Black Lives Matter, ACLU say SPD ambushed peaceful demonstrators
The City of Seattle “willfully and brazenly violated the preliminary injunction.” That’s how the ACLU of Washington and other lawyers for Black Lives Matter demonstrators opened their statement to Federal Judge Richard Jones in their motion calling on the court to find the city in contempt.
“The lawyers claim Seattle Police ambushed peaceful protesters with a level of violence that surpasses that seen in early June,” the attorneys wrote in the court filing.
When Black Lives Matter Seattle-King County and several protesters first sued the city of Seattle and SPD last month over SPD’s use of crowd control weapons in early June protests, Judge Jones issued a temporary restraining order that’s now a preliminary injunction barring SPD from indiscriminate use of tear gas, pepper spray, or other crowd control weapons against anyone engaging in peaceful protests or demonstrations.

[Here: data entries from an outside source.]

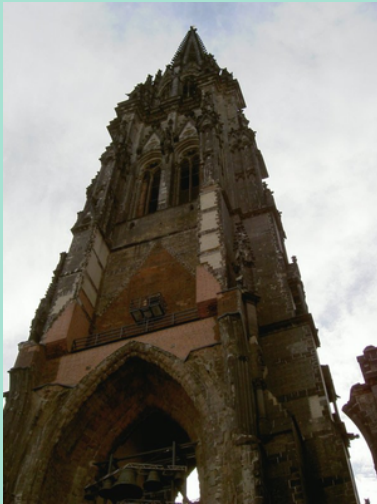
Foto 3: St. Nikolaikirche
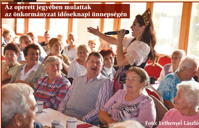
Az operett jegyében mulattak az önkormányzat időseknapi ünnepségén
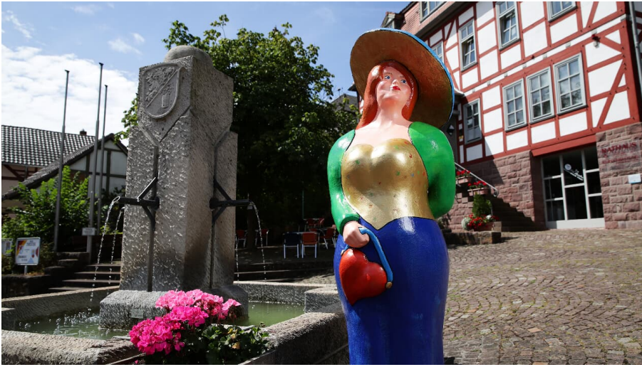
Rathausplatz mit Kurbotschafterin Bella
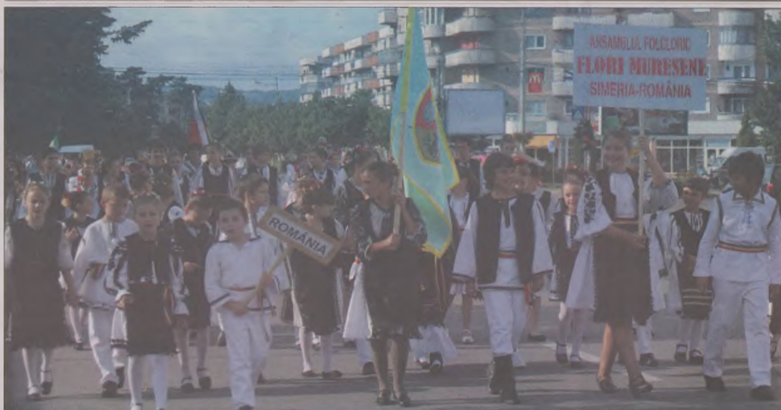
Cea de-a XI-cea ediția a Festivalului Internațional de Folclor pentru copii și tineret „Carpatica” a debutat, ieri seară, în fața Casei de Cultură „Dragan Muntean” din Deva. Zeci de tinere talente atât din România, cât și din țări precum Cehia, Serbia, Turcia, Grecia și Ungaria au defilat în straie populare specifice fiecărei zone, după care au încântat publicul cu recitaluri de muzică folclorică și dansuri populare.

Bârfe despre cum e cu puțință, ce și cum
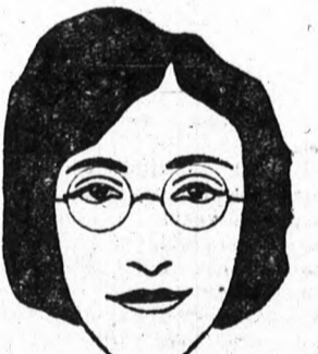
Hosszú, keskeny, archez világos keretű, vagy teljesen keret nélküli szemüveget viseljenek; a lehető legvízszintesebb vonalakkal.

piúsaiból. Ezeknek mindenki hasznát veheti a szemüvegvásárlás alkalmával. A pápaszem mindig öregebbnek mutatja a viselőjét, mint a evikker, vagyis orrcsípítő. Ennek az oka, mint már említettük, a fülérősítő hatásában keresendő. A tudományos oka az, hogy a fülérősítő irányja mindig egyenlő a szemráncával, amely az öregebbnek egyik kifejező jele. Az ovális alaku keretek szélesítik az arcot, még pedig azért, mert a felső és az alsó görbületek, melyek a vízszintest közelítik meg, nagyobbak, mint az oldalgörbületek, amelyek a függőlegest közelítik meg. Magas emberek alacsonyan hordják a szemüvegeiket, mert hiszen rendszerint lefelé néznek az embertársaikra, míg a gyerekek és az alacsonytermetű emberek magasan kellene, hogy hordják, a fordított oknál fogva. A sötét keretes szemüvegek kisebbnek mutatják az arcot a kelletnél. Ha a szemöldököket és a szemhéj szőrzetét levennénk, akkor az arcunk hosszabbnak tűnnék fel, mert mindketten vízszintes irányban hatnak és így szélesítik az arcot. Két egyforma méretű arc között, ha az egyik szőke, a másik barnás, az utóbbi rövidebbnek és szélesebbnek fog látszani, kivéve, ha a szőkeknél sötétebb szemöldökei és szemhéj szőrei vannak. Igen világos haju nőknek nem nagyon fontos a szemüveg alakja, mert maga a világos hajuk és komplexumuk az arc karakterisztikumát eltünteti.
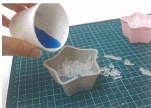
④ 水に溶かした食紅をまんべんなくそそぎこむ。
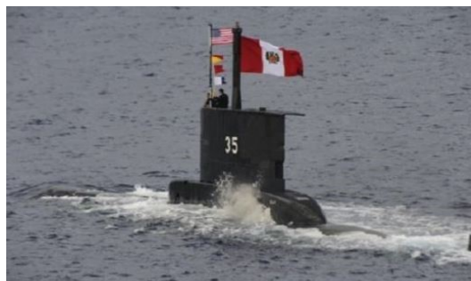
Sous-marin BAP Islay, type 209/1100, de la marine du Pérou.

L'entretien W5 du moteur diesel MTU implique l'exécution d'une révision partielle, étant donné que la révision complète est appelée W6. Dans l'immédiat, l'achat de pièces détachées pour les travaux de maintenance prendra environ quatre mois.
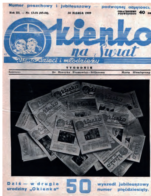
Il. 4 „Okienko na Świat” 1939, nr 13/14, s. 1, skan z zasobów BN w Warszawie

z Krakowa, ale mocną grupę tworzyli też odbiorcy z Lwowa i okolic, Małopolski, Lubelszczyzny i Rzeszowszczyzny. W ten sposób otwierały się przed nimi nowe możliwości poznawcze, wzbogacające ich doświadczenie egzystencjalne.
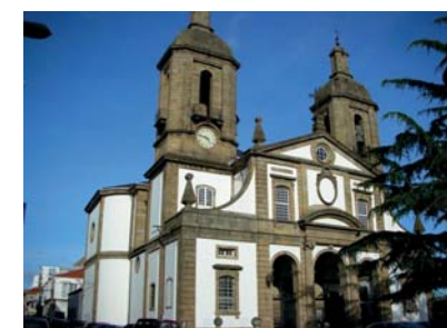
5 St. Julian Con-Cathedral St. Julian Con-Kathedrale St. Julian Con-cathédrale
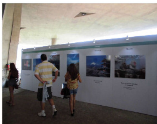
ジャパンハウス＝観光地の展示

1階の展示会場では、日本各地の観光スポットの写真と各観光地の案内チラシが設置され、特に、東京都の紹介コーナーでは、リオ大会に出場する日本代表選手全員の写真を大きくパネル化して展示したり、代表選手のユニホームや選手への応援メッセージが書かれ紹介されており、日本選手の活躍を期待する姿勢が示されていました。また、新国立競技場のジオラマには人々が集まり、さらに、1000体を超えるひな人形の展示や、日本食の寿司や焼き鳥などの提供と日本酒の試飲などの食を含めた日本食文化をアピールするなど、大変盛況であ
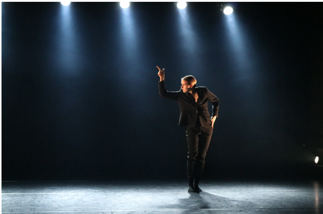
KUVA 4. Soolo (Suhonen 2020)

ahtaudesta ja vaatimuksista toimi pohjana myös tälle versiolle, eikä vaatinut muutoksia liikemateriaaliin. Liike hyödyntää edellisen kohtauksen tapaan elekieltä, mikä kuvittaa pomohahmon ristiriitaisia ajatuksia roolistaan johtajana. Toisaalta valta on kiehtovaa ja tuo vapautta, mutta toisaalta vastuu ahdistaa ja painaa harteilla. Hymy ja illuusio suoriutumisesta on kuitenkin säilytettävä.
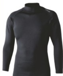
JW-186-11 (ハイネックシャツ) (ブラック)
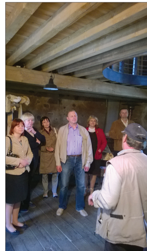
Valdgailes dzirnavu apmeklējums

Katrai pārvaldei ir savas vajadzības, taču pašvaldības finansē-
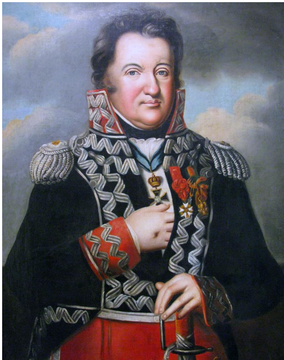
Jan Henryk Dąbrowski (2 VIII 1755 – 6 VI 1818)
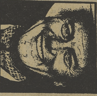
El polémico J. R., la ambición de poder.

«LA MADRE DEL AÑO». Intérpretes: Barbara Bel Geddes, Jim Davis, Patrick Duly, Victoria Principal, Linda Gray, Larry Hagman, Charlene Tilton, Steve Kanaly y David Ackroyd.
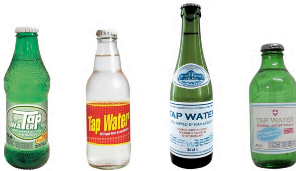
Tap Water (Zurich), 2009; Tap Water (Stuttgart), 2008; Tap Water (Vienne), 2008; Tap Water (Sofia), 2007 Bouteilles en verre et eau du robinet

However, the judge made clear the order did not block individual officers from using blast balls, flash-bangs, pepper spray, rubber or foam tipped bullets or other projectiles to take “necessary, reasonable, proportional, and targeted action to protect against a specific imminent threat of physical harm to themselves or identifiable others or to respond to specific acts of violence or destruction of property.”
The new motion claims officers brazenly violated that order, hitting many peaceful protesters with blast balls, pepper spray, and blunt force objects when police indiscriminately used those weapons against the crowd.
“We saw the SPD again just unleash a massive hailstorm of these really violent weapons, and it resulted in some pretty gruesome injuries among protesters and other people who were there,” said Molly Tack-Hooper, senior staff attorney at the ACLU of Washington.
Lawyers also point to others who suffered injuries at the hands of police during Saturday’s riot, to journalists who were trampled, medics who were maced while trying to help patients, and legal observers shot at close range with projectiles.
“We’ve got pictures of people with cuts and bruises and chemical burns and welts, who all said that they weren’t doing anything, they weren’t provoking the police in any way,” Tack-Hooper said. “And then with no warning, the police just launched what felt like an assault.”
They note the city will argue SPD’s actions were necessary to defend against explosives, bottles, and other items hurled at officers, but say that shouldn’t hold up since the judge already found “it is unconstitutional to use force against an entire crowd because of the actions of a few specific protesters who individually pose a threat” in his original order.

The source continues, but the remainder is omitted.